_What needs to be done_.
The records below are to be transcribed exactly from their first line to the line that has "青春无悔军旅路,光荣岁月留芳", inclusive, with every picture omitted.

┏━━

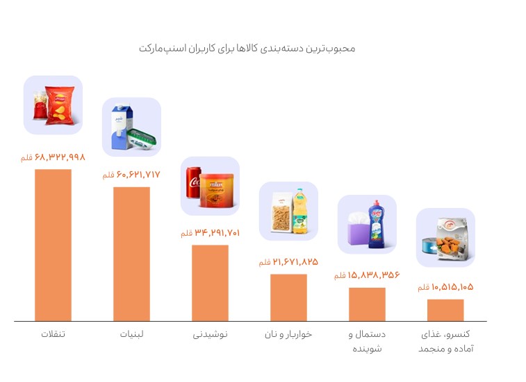 نگاهی به دستهبندیهای پرتقاضا در اسنپمارکت نشان میدهد که پس از تنقلات، لبنیات، نوشیدنیها، خواروبار و نان، کالاهایی هستند که در اولویت سبد خرید کاربران قرار میگیرند.
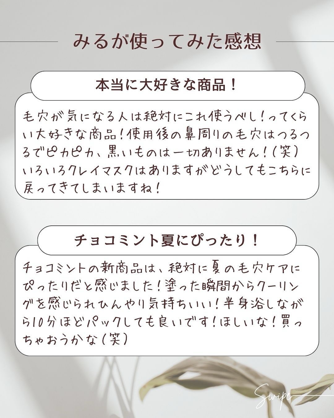 innisfreeスーパーヴォルカニック ポア クレイマスク クールミントチョコレートlipsでお友達が載せていたのを見て、すぐ買いにいきました。ラッシュのパワーマスクみたいな感じ、質感も似てる。目の周りを避け、塗ってしばらく放置。これ、洗い...
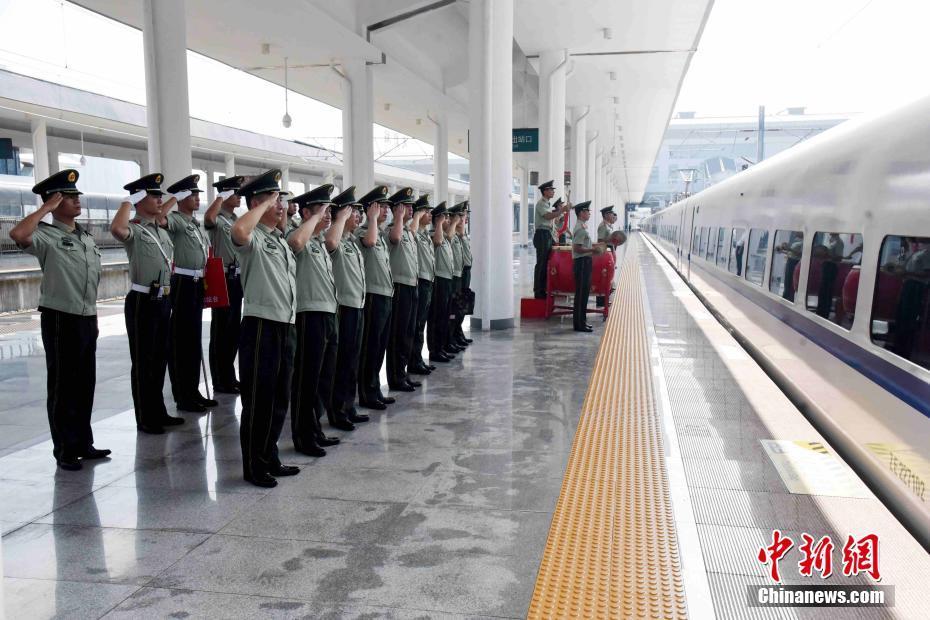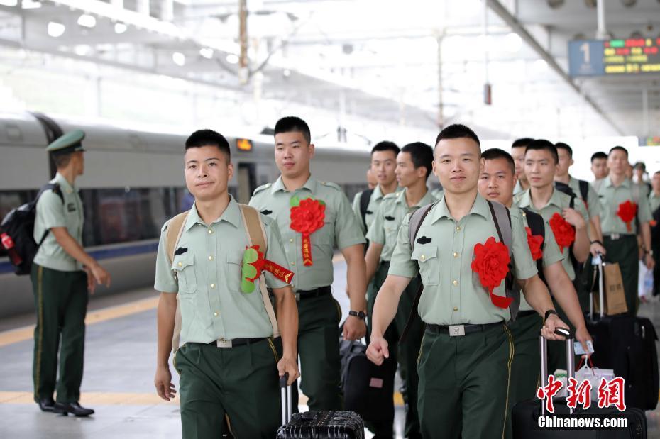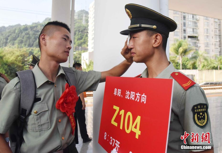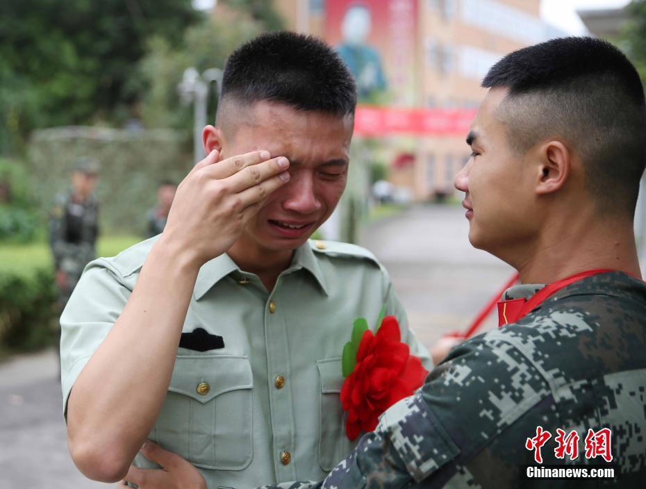 青春无悔军旅路,光荣岁月留芳华。9月1日,武警福建总队龙岩支队举行士兵退役仪式送别退役老兵。131名退役老兵卸下军衔、帽徽、领花,戴上退伍红花离开部队返回家乡,他们怀着对军旅的留恋和绿军装的热爱,难掩不舍之情流下热泪,与朝夕相处的战友依依惜别。图为老兵与朝夕相处的战友在车站依依惜别。 郭大伟
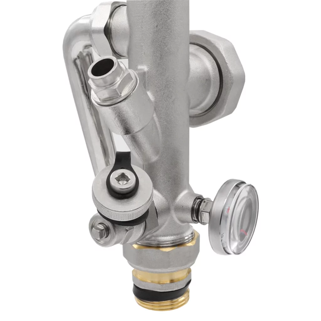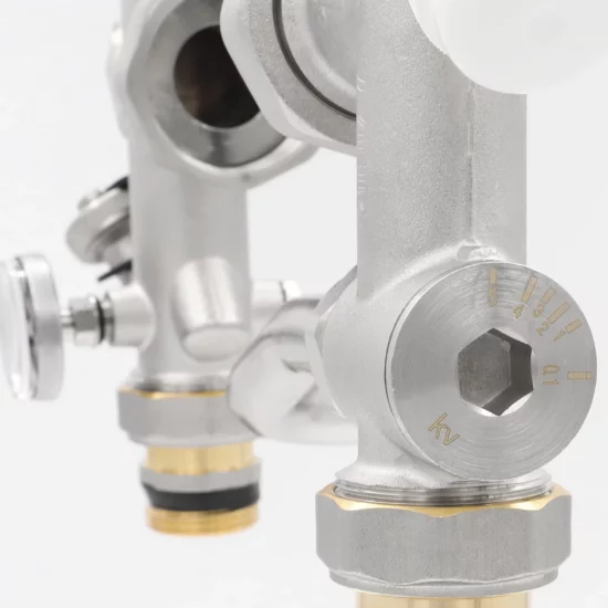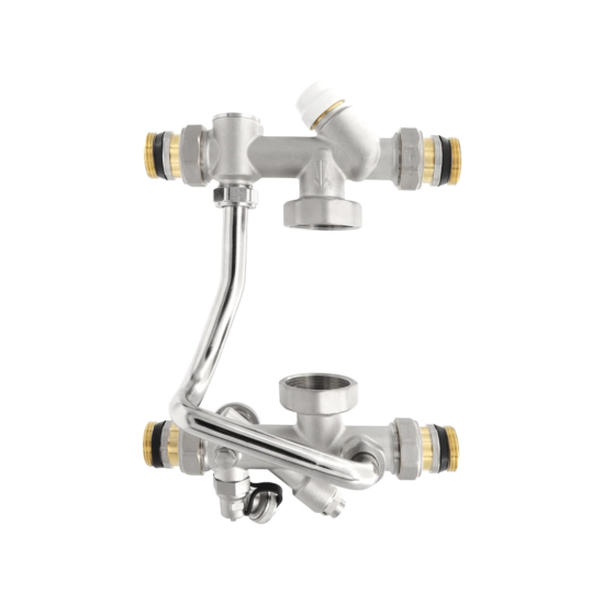 Узел может быть установлен как слева, так и справа от обслуживаемого коллекторного блока. При этом горизонтальное смещение присоединительных патрубков к коллекторному блоку обеспечивается за счет наклона узла на 9° от вертикальной оси.
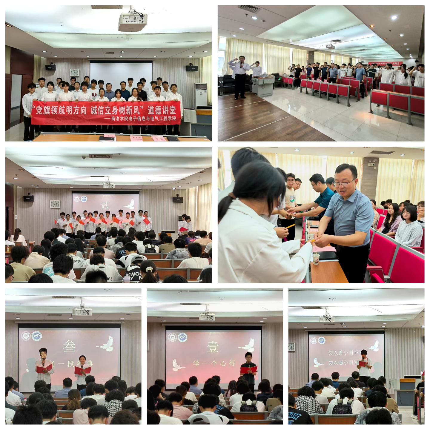 為弘揚誠信美德,筑牢理想信念根基,6月18日,電信學院舉辦“黨旗領(lǐng)航明方向 誠信立身樹新風”主題道德講堂活動。校黨委委員、宣傳部部長王霄飛,電信學院黨委書記袁訓(xùn)鋒、院長陳垚,學院全體黨支部書記、輔導(dǎo)員、學生代表170余人參加活動。

┗━━

_Expected answer_.
 نگاهی به دستهبندیهای پرتقاضا در اسنپمارکت نشان میدهد که پس از تنقلات، لبنیات، نوشیدنیها، خواروبار و نان، کالاهایی هستند که در اولویت سبد خرید کاربران قرار میگیرند.
 innisfreeスーパーヴォルカニック ポア クレイマスク クールミントチョコレートlipsでお友達が載せていたのを見て、すぐ買いにいきました。ラッシュのパワーマスクみたいな感じ、質感も似てる。目の周りを避け、塗ってしばらく放置。これ、洗い...
 青春无悔军旅路,光荣岁月留芳华。9月1日,武警福建总队龙岩支队举行士兵退役仪式送别退役老兵。131名退役老兵卸下军衔、帽徽、领花,戴上退伍红花离开部队返回家乡,他们怀着对军旅的留恋和绿军装的热爱,难掩不舍之情流下热泪,与朝夕相处的战友依依惜别。图为老兵与朝夕相处的战友在车站依依惜别。 郭大伟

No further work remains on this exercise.